Jasper has been doing well, besides gaining some weight. (I'm ashamed!) He disparately misses working for 6 hours a day! I have been lucky to get him out for an hour to two a night. We start a special training program in August to help him get him over his dog aggression. Hopefully everything goes well and we can start Competing again.

For those who don't know him. Jasper will be 2 years old in September, and stands 23" tall, weighing in at 60 pounds when in shape. He has never been away from me for more than 15 hours a day (work) since he was given to me at 6 weeks old. We train and have competed in a wide range of sports. Agility, Rally, Dock Dogs, Herding, Flyball, Disk, Treibball, and Tracking. He loves it all.

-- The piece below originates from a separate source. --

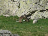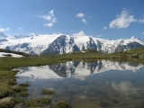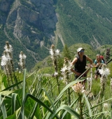 We doorkruisen verlaten gehuchten en passeren moestuintjes, schaapskooien, ruïnes en turkooizen warmwaterbronnen. Marmotten stoeien en poedelen in de verte en dichtbij. Gemzen kijken op ons neer, roofvogels cirkelen boven onze rood aangelopen gezichten, marters schieten schichtig weg. We beluisteren de concerten met rinkelende bellen van koeien, loom gelegen tegen berghellingen.

Okay now to the photos!! Excuse the quality all taken with Iphone.


----------



## Damon'sMom (Aug 2, 2011)

With my little sister


He loves this cat to death.


----------



## Damon'sMom (Aug 2, 2011)

Thanks for looking! Its good to be back here and able to talk with other dog lovers.


----------



## BubbaMoose (May 14, 2013)

Thought about you two the other day, glad to hear that all is well. Jasper looks great. Welcome back. 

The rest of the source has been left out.